E falando em mercado, não podemos ignorar a reação da concorrência. A Intel já anunciou sua próxima geração de processadores Lunar Lake, prometendo ganhos significativos em eficiência. A AMD, por sua vez, continua refinando sua arquitetura Zen com cada geração. A Apple, é claro, não ficará parada – o M5 já está nas ruas, e os rumores sobre o M6 começam a circular. O que me faz pensar: será que 2025 será o ano em que a eficiência energética finalmente se torna o principal critério de compra para notebooks, superando até mesmo a performance bruta máxima?

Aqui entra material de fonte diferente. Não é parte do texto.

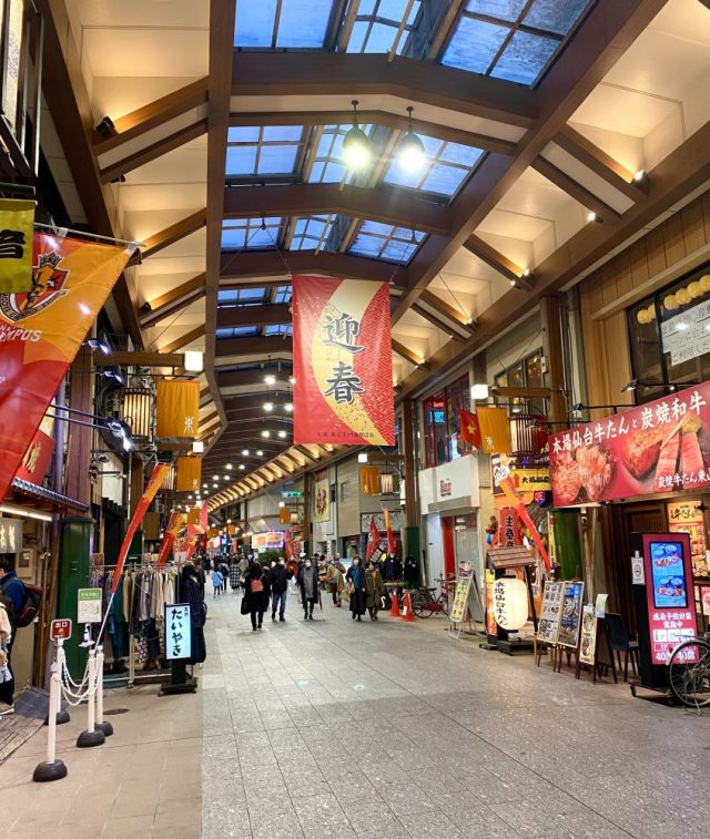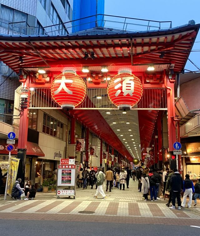 この雑多感、庶民感が大須なのだ〜。アーケード街をそぞろ歩きしていると、おいしそうな匂いがあちこちから。そんな中、呉服店の玄関に吊るされた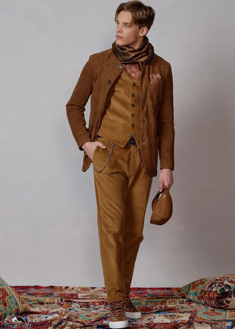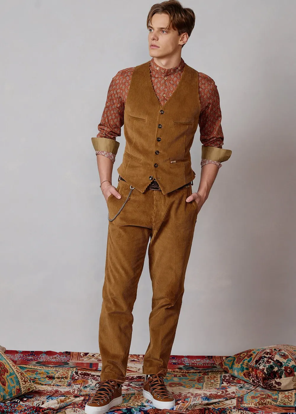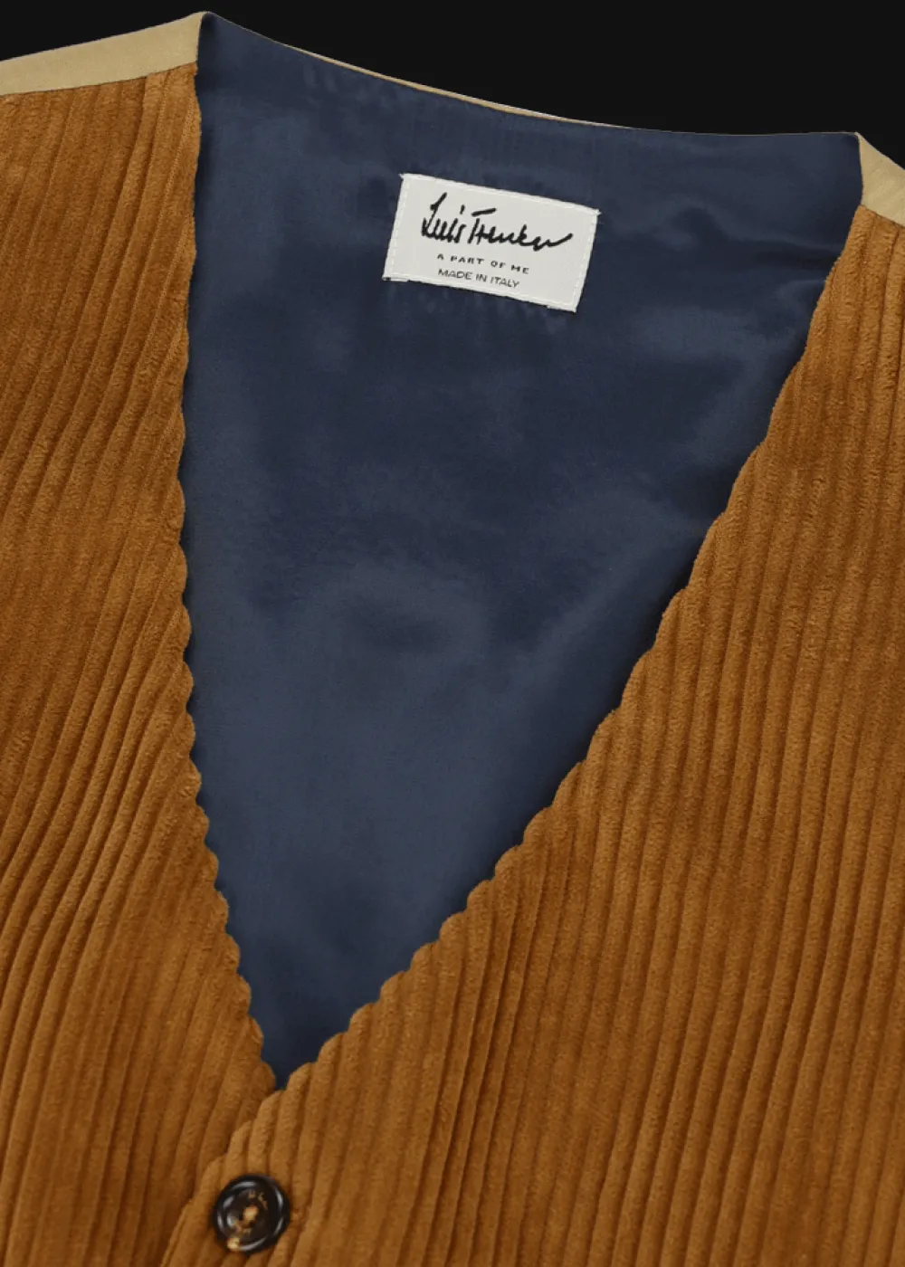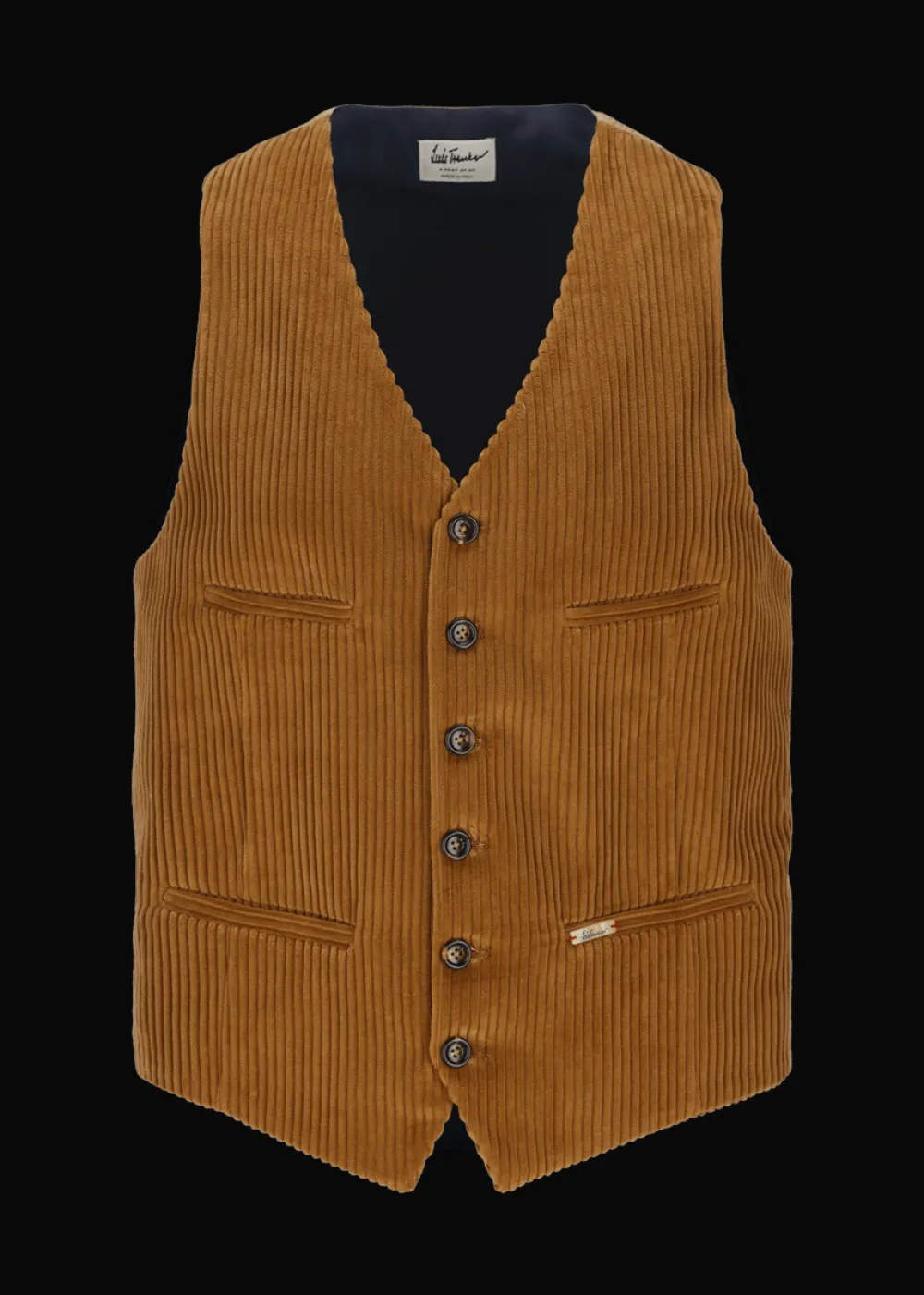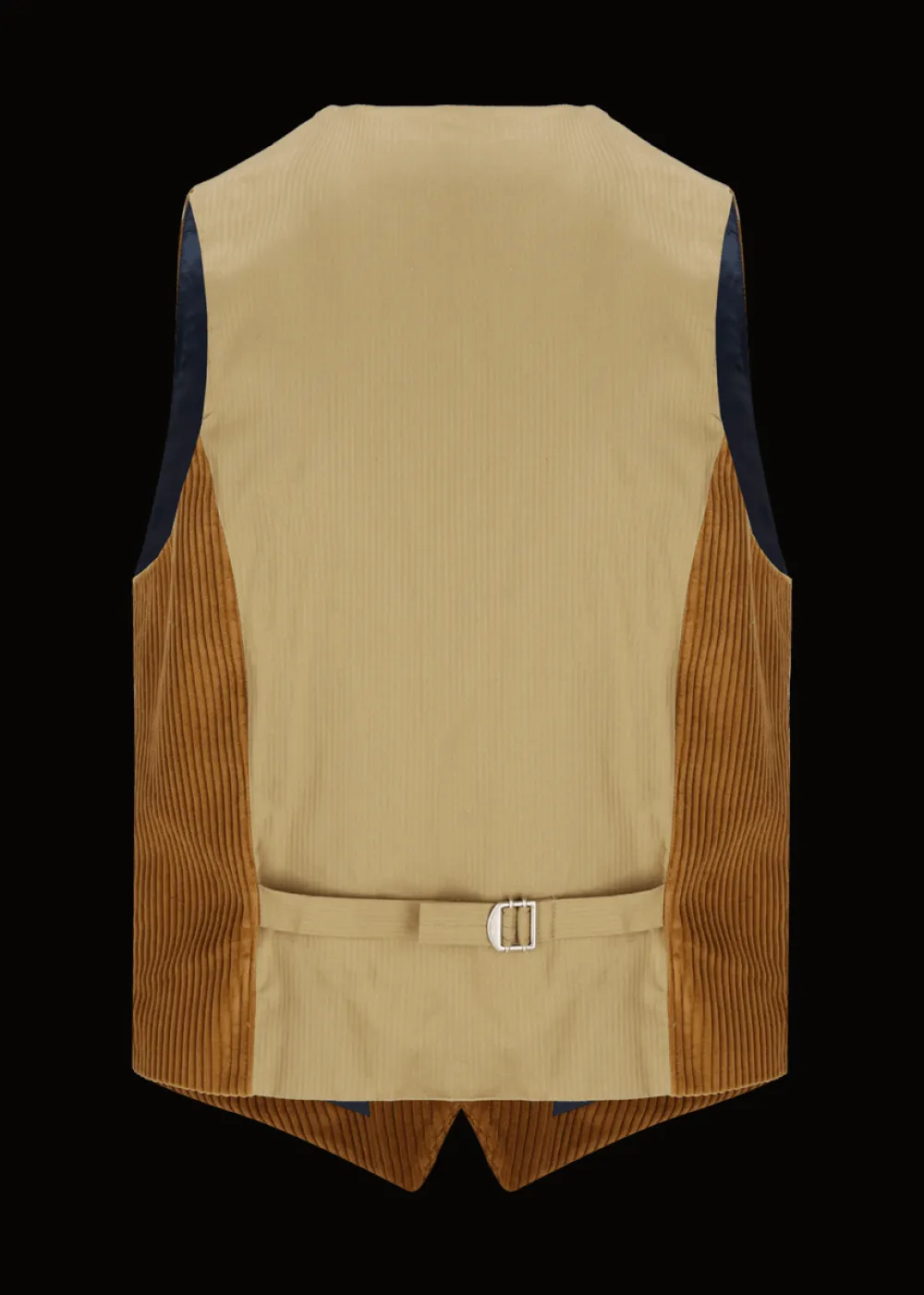 - Diese einreihige Weste im Regular Fit mit V-Ausschnitt aus reinem Baumwollcord ist am Rücken, der aus Baumwolle mit Fischgrätmuster besteht, in der Weite regulierbar. Sie hat eine einreihige 6-Button-Front mit Knöpfen aus Echthorn, sowie vier Paspeltaschen.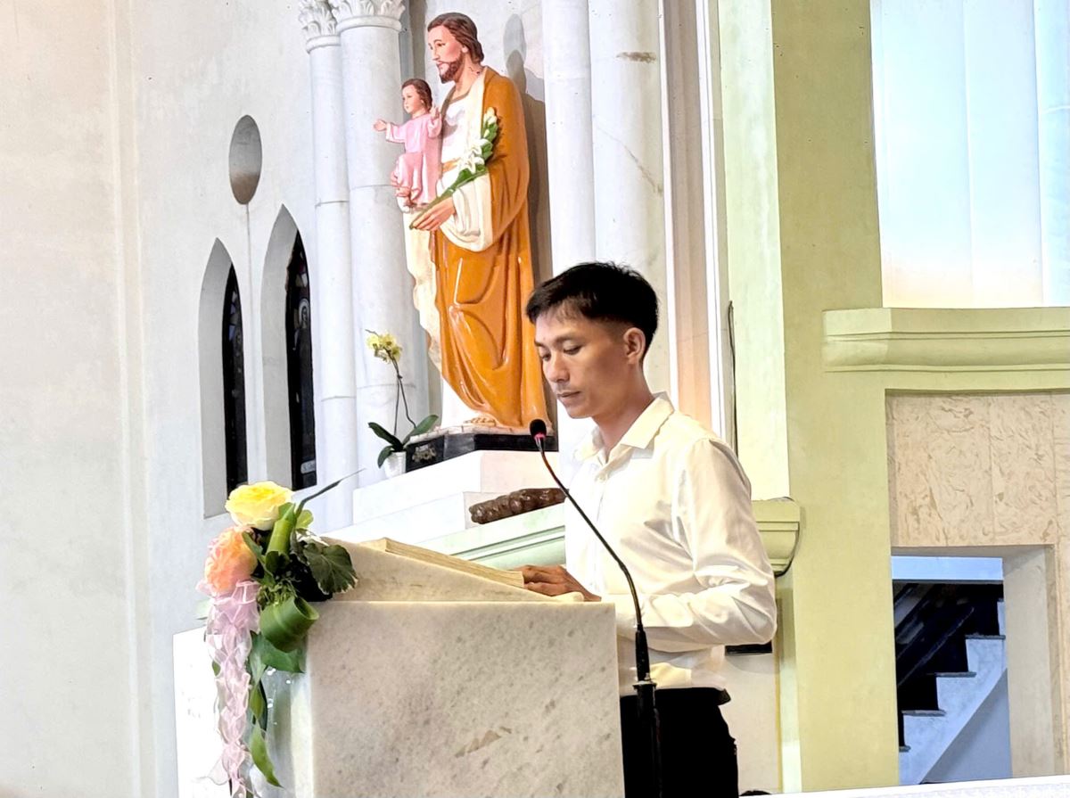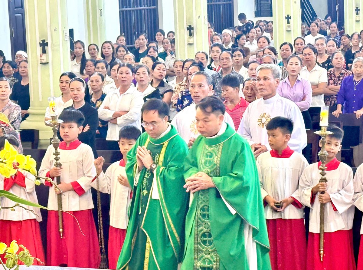 Tiếp theo là Thánh lễ tiếp nhận các tân hội viên do cha chánh xứ Gioan Baotixita Kiều Văn Phú và cha Phó Giám đốc Caritas - Gioan Baotixita Nguyễn văn Hùng cử hành.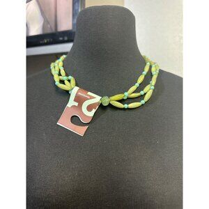 A beautiful Twenty One Triple Strand Green and Blue Acrylic Beaded Necklace. The vibrant colors and intricate design make it a stunning addition to any jewelry collection. Perfect for both formal and casual wear.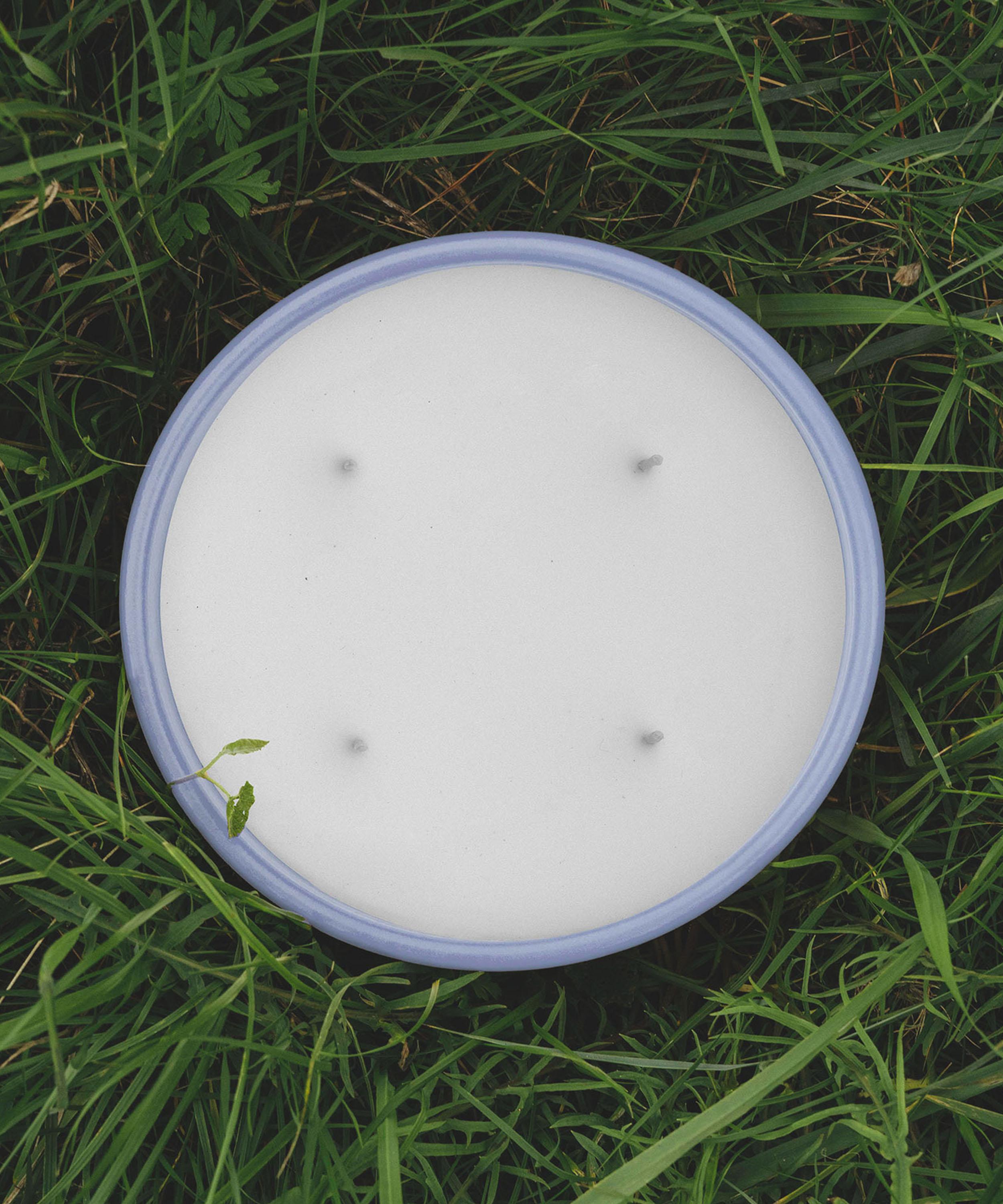 - Housed in a pale blue-glazed terracotta earthenware vessel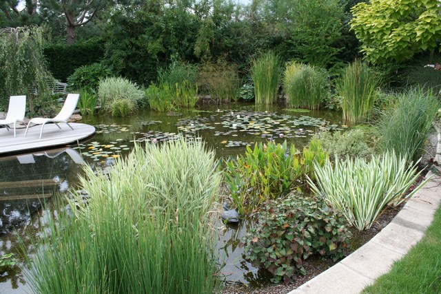 Design notes: Our client had a completely new garden to enhance the house and he decided to add a swimming pond. This was at the rear of the garden and in close proximity to an existing duck pond.

Há também a questão da fragmentação. Com a Qualcomm lançando múltiplas variantes do X2 (Elite, Plus, talvez outras), os consumidores podem ficar confusos. A Apple mantém uma linha de produtos relativamente simples – poucas opções, mas cada uma com propósito claro. A Qualcomm e seus parceiros precisarão evitar a armadilha de criar uma sopa de letrinhas que apenas afaste os compradores menos técnicos.

Outro aspecto frequentemente negligenciado: o suporte a longo prazo. A Apple é conhecida por oferecer atualizações de sistema por muitos anos em seus dispositivos. A Microsoft e os fabricantes de PC Windows tradicionalmente têm um histórico mais... variável nesse aspecto. Se a Qualcomm quiser realmente competir no segmento premium, precisará garantir que esses notebooks recebam atualizações de firmware, drivers e segurança por um período similar ao dos concorrentes diretos.

E então há a questão dos desenvolvedores. Por mais impressionante que seja o hardware, ele é inútil sem software otimizado. A transição da Apple para seus chips M foi relativamente suave porque a empresa controla tanto o hardware quanto o sistema operacional, e tem uma influência considerável sobre os desenvolvedores de terceiros. A Qualcomm depende da Microsoft para o sistema operacional e dos OEMs para o hardware – uma cadeia muito mais complexa e difícil de coordenar.

No entanto, há sinais positivos. Grandes empresas de software como Adobe já têm versões nativas de ARM para seus aplicativos principais. A Microsoft, claro, otimizou o Office. Mas e aquelaquele software de nicho que você usa para trabalho? Ou aquele jogo indie que você adora? A compatibilidade precisa ser quase perfeita para que a transição não seja dolorosa.

O que observo é um momento fascinante de inflexão na indústria. Por décadas, a arquitetura x86 dominou inconteste o mercado de PCs. A Apple quebrou esse monopólio com seus chips M, mostrando que havia um caminho alternativo. Agora, a Qualcomm parece pronta para levar essa alternativa ao mercado massivo de Windows. Se conseguir – e é um grande "se" – poderemos estar testemunhando não apenas o lançamento de um novo processador, mas o início de uma real diversificação arquitetural no mundo dos computadores pessoais.

Mas voltando aos testes iniciais... algo que me chamou a atenção foi a consistência dos resultados. Em benchmarks que rodam múltiplas vezes, a variação de performance do X2 Elite foi menor do que a observada em muitos chips x86. Isso sugere um controle térmico e de energia mais refinado – quando o chip aquece, muitos processadores reduzem drasticamente sua frequência para se resfriar, causando aquelas flutuações de performance irritantes. Se o X2 Elite conseguir manter uma performance mais estável sob carga prolongada, isso será uma vantagem significativa para profissionais que rodam renderizações longas ou compilações de código extensas.